Your recommendation request appears right after your message, ensuring message flow.
All your clients need to do is click and write their testimonial, instead of clicking through your profile, scrolling all the way down, and clicking Recommend.
Multiple unnecessary steps cause inertia. Do whatever you can to grease the wheels for your client!
What if your client has been quiet in sharing their feedback or needs direction to write a testimonial?
Turn it into a fun fill-in-the-blank activity, like I do:
As you know, I had a great time working with you on the [Project]. [Briefly talk about your favorite moment, accomplishments, etc.].
I wanted to reach out and ask: Could you write me a testimonial on LinkedIn regarding our time working together?
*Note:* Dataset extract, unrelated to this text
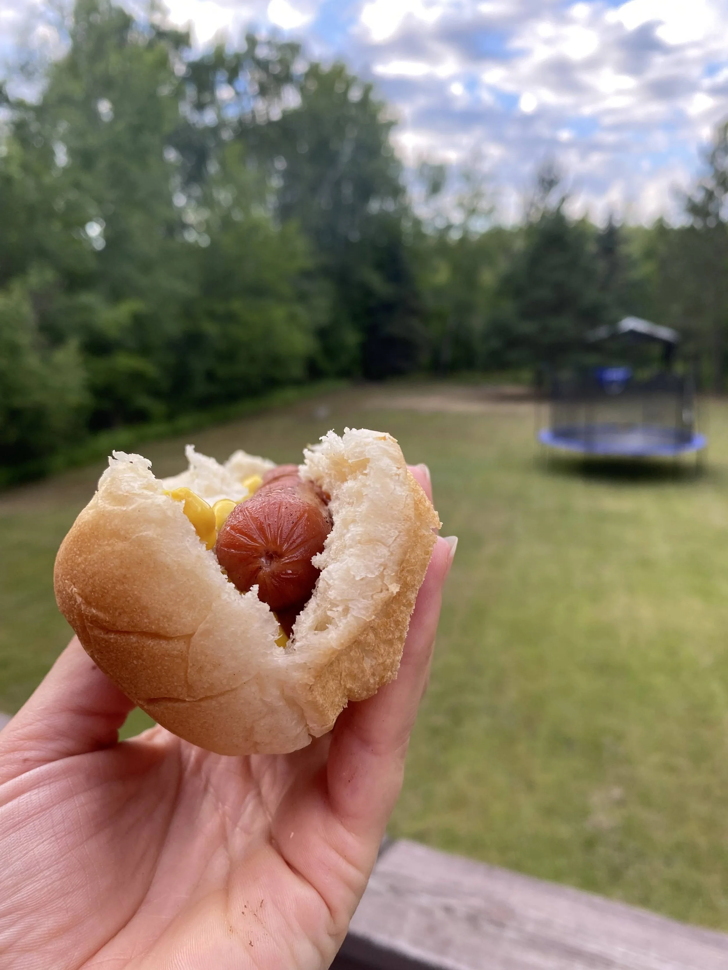 We eat burgers and dogs and someone brought a strawberry rhubarb pie, so that baby gets smashed too. I pull out a big ol’ bag of glow sticks and start passing them out to the kiddos. As it’s getting dark, they become bobbing little glow stick figures, running around the yard. I sneak into the kitchen for a quick 10 minute clean up (future me will be so grateful!) and shove a couple of Modelos and sparklers in a backpack to take down to the fire. The grown-ups are standing around the big bonfire and we hang out there until 11:30 or so. People trickle out along the way and at the end, it’s just a handful of us (including the pregnant niece, bless her. A trooper). We let the fire die down, spread out the ashes and head up to bed.

I’ll also be happy to write a testimonial for you, too. 🙂
<Optional> To make it fuss-free, I’ve drafted a testimonial (shown below) based on your glowing feedback in our previous emails. If you’d like, feel free to use it!
[Draft of testimonial]
I understand writing a testimonial from scratch can be a frustrating process, so I made it really easy. All you have to do is fill in the blanks. Once you’re done, I’ll draft a testimonial based on your answers and send it to you for approval.
How does that sound? 🙂
I wanted to work with [Your name] because ____________.
Three words that popped into my mind when I worked with [Your name]: ____________.
My favorite thing about working with [Your name] is ____________.
Use these LinkedIn message templates to connect and convert
You WON’T make a sale immediately from your first LinkedIn outreach.
You need first to make a great impression. And the only way to do this is by customizing your message according to your prospects’ unique background.
Weak messages go ignored right away. Not to mention, they make yourself come across as spammy and jeopardize your reputation.
But effective messages that clearly show you’ve done the work, highlight your ability to deliver ROI, and prove you genuinely care about their business?
That just might win you a dream client.
Which of these LinkedIn message templates are you excited to try today?